SUPPLIED MATERIAL:
++++
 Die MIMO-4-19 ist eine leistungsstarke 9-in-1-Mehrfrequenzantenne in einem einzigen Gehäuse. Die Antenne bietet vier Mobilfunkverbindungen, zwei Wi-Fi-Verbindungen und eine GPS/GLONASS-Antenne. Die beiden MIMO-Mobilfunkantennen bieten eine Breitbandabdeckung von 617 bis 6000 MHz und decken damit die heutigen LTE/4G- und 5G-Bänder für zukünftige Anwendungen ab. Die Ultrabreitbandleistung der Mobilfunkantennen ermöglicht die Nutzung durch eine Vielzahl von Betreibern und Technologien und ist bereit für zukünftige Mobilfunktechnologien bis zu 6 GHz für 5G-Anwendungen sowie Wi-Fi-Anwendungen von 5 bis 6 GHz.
++++
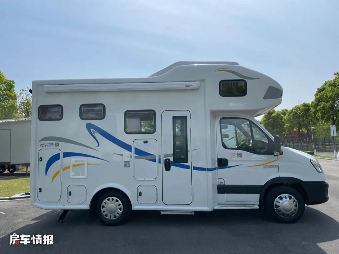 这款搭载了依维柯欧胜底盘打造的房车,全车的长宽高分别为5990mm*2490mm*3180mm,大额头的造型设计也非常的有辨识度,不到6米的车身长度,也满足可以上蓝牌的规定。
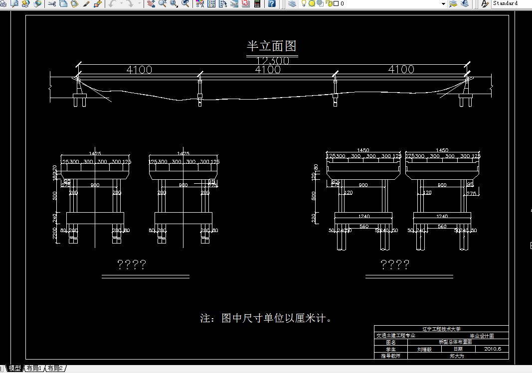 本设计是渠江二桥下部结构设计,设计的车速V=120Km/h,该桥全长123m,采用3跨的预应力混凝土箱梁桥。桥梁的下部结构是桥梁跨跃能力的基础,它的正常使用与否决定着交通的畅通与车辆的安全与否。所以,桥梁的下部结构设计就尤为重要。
++++
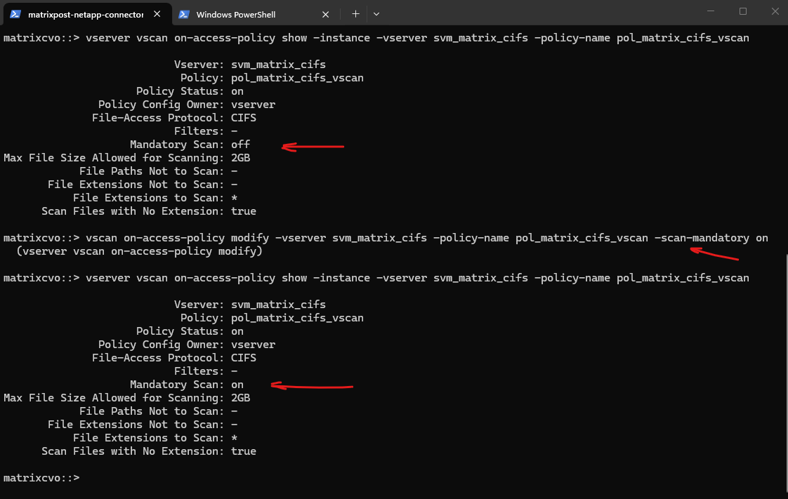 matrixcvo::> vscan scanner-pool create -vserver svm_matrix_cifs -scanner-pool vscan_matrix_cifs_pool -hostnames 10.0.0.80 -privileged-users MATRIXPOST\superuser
++++
EXERCISE OBJECTIVE: Please return the data above exactly as it stands from the line with "这款搭载了依维柯欧胜底盘打造" to the line with "本设计是渠江二桥下部结构设计", keeping both of those lines but none of the pictures.

RESPONSE FOR THIS EXERCISE:
 这款搭载了依维柯欧胜底盘打造的房车,全车的长宽高分别为5990mm*2490mm*3180mm,大额头的造型设计也非常的有辨识度,不到6米的车身长度,也满足可以上蓝牌的规定。
 本设计是渠江二桥下部结构设计,设计的车速V=120Km/h,该桥全长123m,采用3跨的预应力混凝土箱梁桥。桥梁的下部结构是桥梁跨跃能力的基础,它的正常使用与否决定着交通的畅通与车辆的安全与否。所以,桥梁的下部结构设计就尤为重要。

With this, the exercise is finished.